The British Isles have been invaded by dandelions. They seem to be growing everywhere and to be honest I quite like their cheerful faces smiling at me wherever I go. Foraging is the latest fashion and come the weekend the countryside is teeming with enthusiastic souls in search of edible leaves. And who can blame them for a bowl of dandelion leaves with balsamic vinegar and a wedge of goat’s cheese is a plate worthy of a king. Young stinging nettle leaves also make a tasty soup. Gently fry a large diced potato and a couple of diced shallots in butter over a low heat and add a large bowl of stinging nettles and a litre of water. Bring it to the boil, add some salt and simmer for a while. Blend it and then reheat adding seasoning and crème fraiche if you require.

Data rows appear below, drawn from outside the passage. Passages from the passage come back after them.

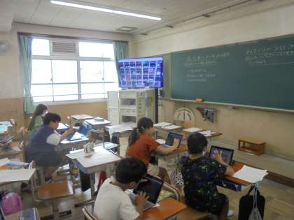 身の回りのものを写真に撮って、絵を付け足して作品作りを楽しみました。できた作品は、ロイロノートで共有しました。
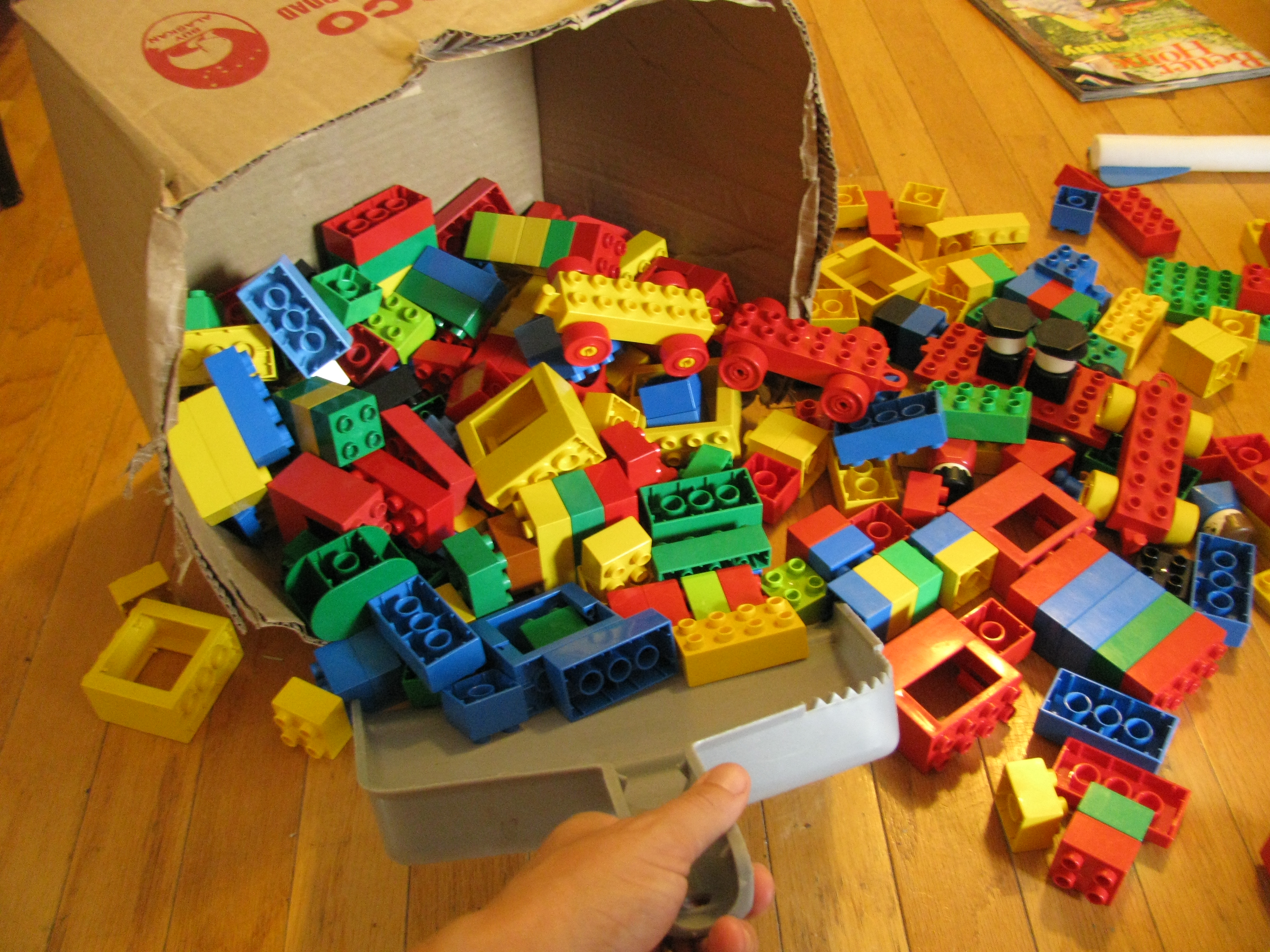 That’s when I started keeping the Leggos, and all those ‘many small pieces’ toys, up on a high shelf. The shelf is in our girl’s room, and open to view but too high for little people to reach. We take the box down once every few weeks and, miraculously, our relationship with Leggos has been remade. Not being a part of their daily landscape, the kids see them in a new light. They appreciate them more for what they were actually made for—building stuff. And I happily learned that cleaning up Leggos as soon as their play session had dissolved (don’t wait too long, a stitch in time saves nine!) is easily done with a dustpan.
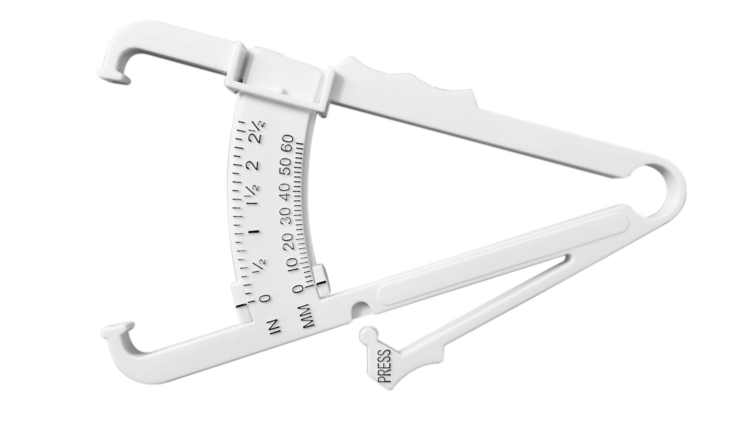 Medidor de grasa corporal. El plicómetro es un instrumento que mide el pliegue cutáneo. Al hacerlo en varios sitios del cuerpo, se puede calcular el porcentaje de grasa corporal. Rango de medición 0-60 mm. Disponible en color blanco o marfil.
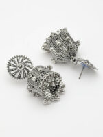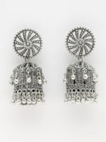 Elevate your ethnic wardrobe with these striking OZ Jewels Oxidized Jhumka Earrings. The standout feature is the oversized, circular stud designed with an intricate “sunburst” or spiral swirl pattern that draws immediate attention. The antique silver finish gives these earrings a timeless, weathered look that defines premium oxidized jewellery.
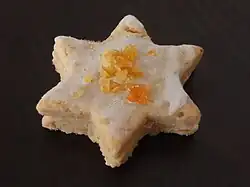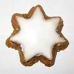 A Zimtstern (German pronunciation: [ˈt͜sɪmtˌʃtɛʁn] ⓘ, lit. 'cinnamon star'; pl.: Zimtsterne) is a Christmas cookie, originally from Swabia in Southwest Germany, made from foam of whipped egg white, sugar, at least 25% almonds, cinnamon and a maximum of 10% flour. It is most popular in Germany, Switzerland, and Alsace.[1]
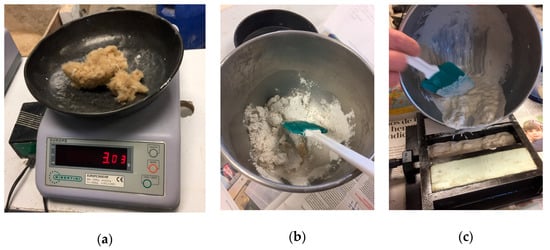 In all the samples, the CBW was mixed first with the gypsum and then it was all incorporated into the water (Figure 2a–c).

In the distant past when we were penniless hippy poets we would eat stinging nettle soup as a staple diet. I seem to remember feeling quite ethnic and terribly organic but sadly no less hungry than before. But then we never had crème fraiche in those days!

An old Romany friend of mine tried to cure his encroaching baldness by sticking some stinging nettles under his hat hoping that the stings would awaken his hair follicles. It never worked…

 One of our grown-up children has been taken ill again and both my wife and I are physically and emotionally exhausted from travelling an hour each way to see him after a hard days work. A fellow writer was describing how gardens can console and lift the spirits when things get tough. I was pondering upon this whilst on my knees weeding one of the beds this morning. When I was a child growing up in Hampshire I would build dens out of branches and ferns and I loved to lie on the ground, not just touching it but embracing it and I guess that gardening is just my way of being a little boy again. The wind dies down and the sound of tractors and chainsaws abates, and just for a moment the silence pervades and I know that a divine being is watching over me and that everything is going to be just fine.

The wind has shifted from the southwest to the northeast and a belt of welcome rain has arrived. Now where did I put my wet weather gear?